A cutting-edge study led by researchers at the Lady Davis Institute for Medical Research (LDI) with colleagues from Canada and published in Clinical Cancer Research, a journal of the American Association for Cancer Research, underscores the significant potential of a new blood test, liquid biopsy or circulating tumor DNA (ctDNA) for patients with an aggressive form of breast cancer, triple-negative breast cancer (TNBC). The research provides new insights into the prognostic value of ctDNA and its ability to guide personalized treatment strategies for these patients.

Indeed, TNBC patients usually receive chemotherapy prior to surgery in an effort to shrink the tumour. In most cases the tumour melts but in those that it does not, these patients with residual tumour at surgery have a poorer outcome, with a higher chance of the tumour coming back. For this reason, these patients receive extra chemotherapy after surgery. However, most of these patients still may not need this extra chemotherapy as the tumour will not return in the majority of cases, even in this poor prognosis group. Identifying those who would benefit or not from such additional therapy remains a critical need.

The study, conducted as part of the TRICIA trial, involved 92 TNBC patients who were evaluated for their response to neoadjuvant chemotherapy. Researchers found that the timely detection of ctDNA after chemotherapy and before surgery demonstrated exceptional sensitivity and specificity, and could predict with a 95% degree of accuracy whether the tumour would recur. This critical finding suggests that patients with a negative ctDNA test are less likely to benefit from additional chemotherapy, thus minimizing overtreatment and its associated toxicities.

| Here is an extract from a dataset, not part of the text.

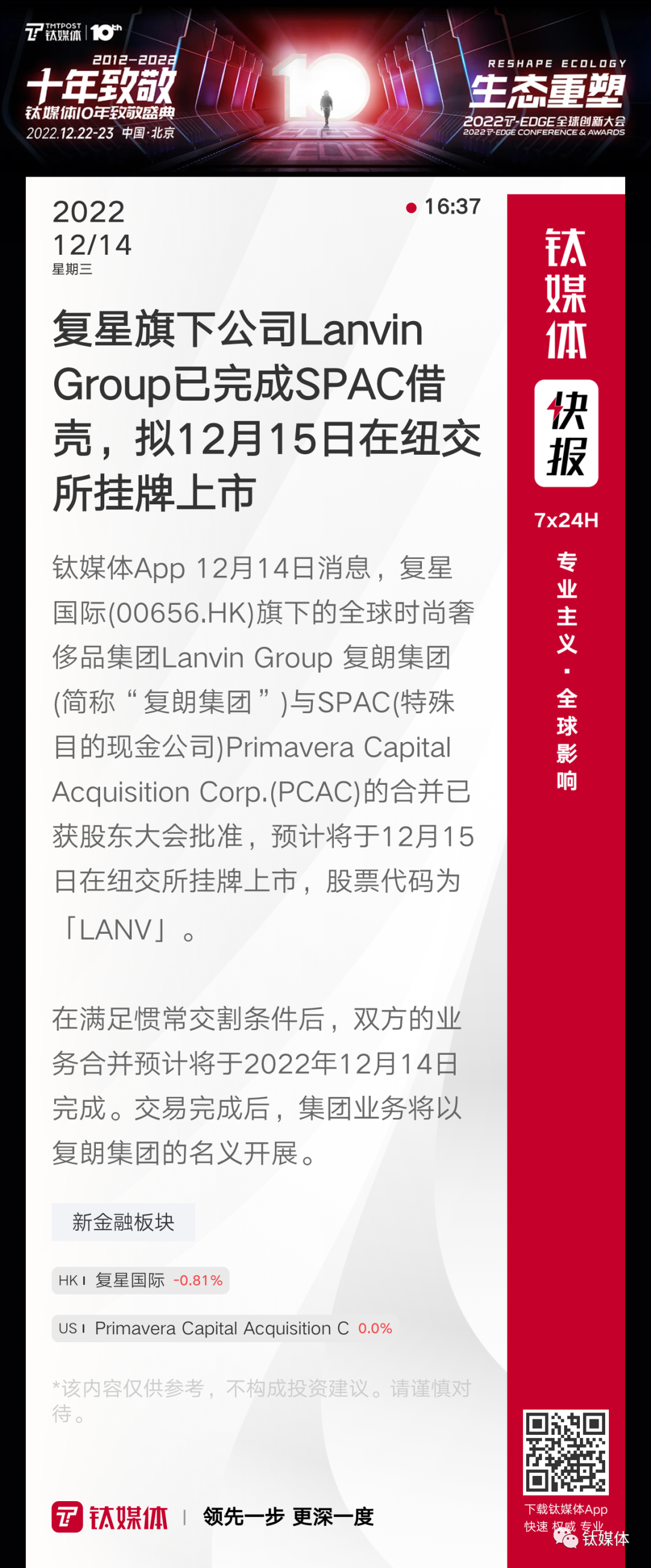 【复星旗下公司Lanvin Group已完成SPAC借壳,拟12月15日在纽交所挂牌上市】

“Identifying which patients can safely avoid unnecessary treatment is crucial for those diagnosed with triple-negative breast cancer, as they typically have poor outcomes,” said Dr. Mark Basik, surgical oncologist at the Segal Cancer Centre at the Jewish General Hospital (JGH) and senior investigator at the LDI. “Our results indicate that ctDNA detection can not only provide real-time insights into tumour dynamics but also assist in personalizing treatment plans, ultimately aiming to enhance patient outcomes.”

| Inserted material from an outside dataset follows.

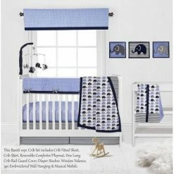 - This Bacati 10-piece Crib Set Includes Reversible Comforter/Playmat (33 x 43 inches), Crib fitted sheet (52 x 28 x 6 inches), Crib Skirt/Dust ruffle (13 inch drop) Diaper Stacker (holds more than 30 newborn diapers), Reversible Long Crib Rail Guard Cover (52 x 12 inches), Window Valance (15 h x 56 w inches with 1.75 inch Rod Pocket), 3 pc Wall Hangings Set and Musical Mobile in fun, colorful and signature prints in 100 percent cotton 200 Thread Count percale fabrics. Designed in United States by Experienced Designers. Many coordinating items available to purchase separately in this Bacati Elephants Blue/Navy/Gray Bedding Collection.

The study’s findings also indicate that ctDNA can be particularly effective in monitoring the efficacy of chemotherapy in real time. In patients who received the adjuvant chemotherapy capecitabine, ctDNA levels showed significant changes during treatment, correlating with patient outcomes. These findings suggest that ctDNA testing using our personalized assays in an academic hospital-based context can reliably identify a very low-risk group of non-pCR TNBC patients.

“This research highlights the promise of ctDNA as a reliable prognostic tool for triple-negative breast cancer patients,” Dr. Basik emphasized. “With further validation through prospective clinical trials, we can move towards a future where treatment decisions are guided by personalized biomarkers, improving survival rates and quality of life for our patients.”

Given the study’s promising results, researchers advocate for further clinical trials to establish ctDNA as a standard biomarker for prognosis, treatment monitoring, and decision-making in the management of TNBC.

The Basik laboratory is a member of the LUMIERE liquid biopsy group at the Lady Davis Institute for Medical Research/Jewish General Hospital, which brings together several groups working on liquid biopsies in different cancers.

Roseshter T, Klemantovich A, Lafleur J, Lan C, Cavallone L, Bozek K, Guay J, Elebute O, Jenna S, Ouellette R, McNamara S, Boileau JF, Pelmus M, Brackstone M, Pezo R, Ng T, Aguilar-Mahecha A, Basik M. Clinical Validation of Digital PCR-based ctDNA detection for risk stratification in residual triple negative breast cancer: TRICIA trial results. Clin Cancer Res. 2026. doi: 10.1158/1078-0432.CCR-25-2234.